PyTorch-ESN is a PyTorch module, written in Python, implementing Echo State Networks with leaky-integrated units. ESN's implementation with more than one layer is based on DeepESN. The readout is trainable by ridge regression or by PyTorch's optimizers.

Its development started under Stefano's master thesis titled "An Empirical Comparison of Recurrent Neural Networks on Sequence Modeling", which was supervised by Prof. Alessio Micheli and Dr. Claudio Gallicchio at the University of Pisa.

This https://github.com/ByteSumoLtd/pytorch-esn fork of Stefano's core library, and adds the following

examples of running a grid search of mackey-glass hyperparameters, illustrates hyperparams have a large effect on performance
conversion of univariate mackey-glass example, into a general command line tool for any univariate timeseries having two csv columns 'Input, Target'. The file should not have a header.
ability to manually set a seed in the commandline tool, for reproducible results
some hacky helpers to reinstall the modules when in active development
inclusion of torchesn/optim and an optimise module that configures DEAP to search for good ESN hyperparamets. Opinionated but with good defaults.
inclusion of fn_autotune commandline tool, that automates discovery of good hyper-parameters for your problem, automating the whole ESN training process. The specific cmdline tool to call is parameterised to optimise many different kinds of solutions.
inclusion of multiprocessing as a parallisation mechanism to accelerate genetic search for good models on a single GPU, and parameters to simply set worker number
inclusion of a number_islands parameter, to automate deploying multidemic solutions in Deap using ring emmigration, to explore preventing premature convergence.
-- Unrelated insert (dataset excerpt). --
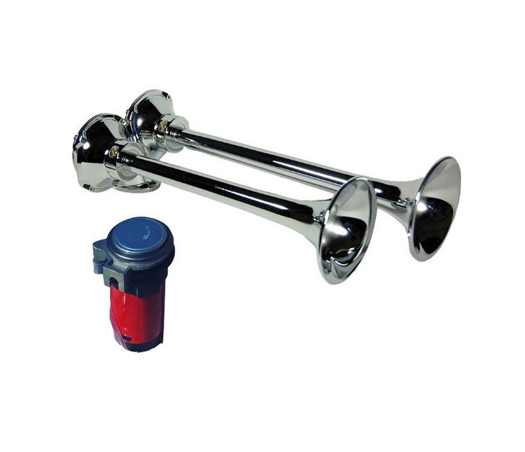 بدنه تمام فلزی با روکش کروم ضدزنگ، علاوه بر ظاهر لوکس و اسپرت، مقاومت بالایی در برابر رطوبت و شرایط آبوهوایی مختلف دارد. همراه این محصول، موتور بوق (کمپرسور) باکیفیت نیز ارائه میشود تا عملکردی پایدار و بدون افت صدا داشته باشد.
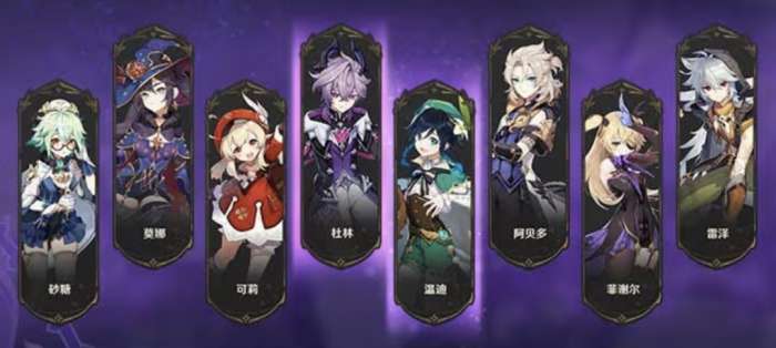 其中魔导角色一共有8位,分别是:砂糖、莫娜、可莉、杜林、温迪、阿贝多、菲谢尔、雷泽。

Of note - the multi island solution includes corrected coded improving common examples found online, to also leverage parallelizing fitness evaluations to speed up the search
inclusion of fn_cotrend commandline, a more dynamic timeseries ESN function supporting multiple input timeseries features, to predict single outputs.

to do:

include a python notebook for a worked example, illustrating the cost / benefits of genetic search
extend fn_cotrend to become a general solution for mulitvariate ESN pipelines

Examples: a) in the examples directory, test executing the mackey-glass example, using some parameters:

 fn_mackey_glass --hidden_size 15 --input_size 1 --output_size 1 --spectral_radius 0.8981482392105415 --density 0.5411114043211104 --leaking_rate 0.31832532215823006 --lambda_reg 0.3881908755655027 --nonlinearity tanh --readout_training cholesky --w_io True --w_ih_scale 0.826708317582006 --seed 10

B) in the examples directory, test using genetic search to find good hyperparameters for mackey-glass:


> fn_autotune --population 30 --generations 10 --max_layers 1 --hidden_size_low 150 --hidden_size_high 150 --worker_pool 6 | tee logs/example.log 
> cat logs/example.log

2020-06-03 10:37:48.642212
gen	nevals	avg    	std    	min        	max    
0  	30    	2.83442	2.86397	2.09471e-05	6.65214
1  	20    	2.78962	2.84464	2.09471e-05	7.11487
2  	24    	2.76368	2.80678	1.33755e-05	6.85562
3  	22    	3.17741	3.22544	1.33755e-05	7.29831
4  	26    	3.09174	3.12538	1.33755e-05	7.23457
5  	25    	2.95496	3.02999	1.13259e-05	7.81776
6  	24    	3.25476	3.33798	1.13259e-05	7.61532
7  	23    	2.86864	2.95118	1.13259e-05	7.61532
8  	25    	2.81973	2.87699	1.13259e-05	7.12179
9  	27    	2.82086	2.86294	1.13259e-05	7.34068
10 	25    	2.98786	3.06309	1.13259e-05	7.82064
2020-06-03 10:46:13.766080
{   '_cmdline_tool': 'fn_mackey_glass',
    'attr_batch_first': False,
    'attr_density': 0.6905894761994907,
    'attr_hidden': 150,
    'attr_input_size': 1,
    'attr_lambda_reg': 0.6304891830771884,
    'attr_leaking_rate': 0.9440340390508313,
    'attr_nonlinearity': 'tanh',
    'attr_num_layers': 1,
    'attr_output_size': 1,
    'attr_output_steps': 'all',
    'attr_readout_training': 'cholesky',
    'attr_spectral_radius': 1.3467750025214633,
    'attr_w_ih_scale': 0.43537928601439935,
    'attr_w_io': True,
    'auto_crossover_probability': 0.7,
    'auto_generations': 10,
    'auto_mutation_probability': 0.3,
    'auto_population': 30,
    'run_end_time': datetime.datetime(2020, 6, 3, 10, 46, 13, 766080),
    'run_start_time': datetime.datetime(2020, 6, 3, 10, 37, 48, 642212),
    'run_training_loss': deap.creator.FitnessMulti((1.1325887772018666e-05, 4.748876571655273))}

# the command line view of the params is:
# fn_mackey_glass --hidden_size 150 --input_size 1 --output_size 1 --spectral_radius 1.3467750025214633 --density 0.6905894761994907 --leaking_rate 0.9440340390508313 --lambda_reg 0.6304891830771884 --nonlinearity tanh --readout_training cholesky --w_io True --w_ih_scale 0.43537928601439935 --seed 10

Prerequisites

PyTorch, deap, multiprocessing, pprint, click

Basic Usage

Offline training (ridge regression)

SVD

Mini-batch mode is not allowed with this method.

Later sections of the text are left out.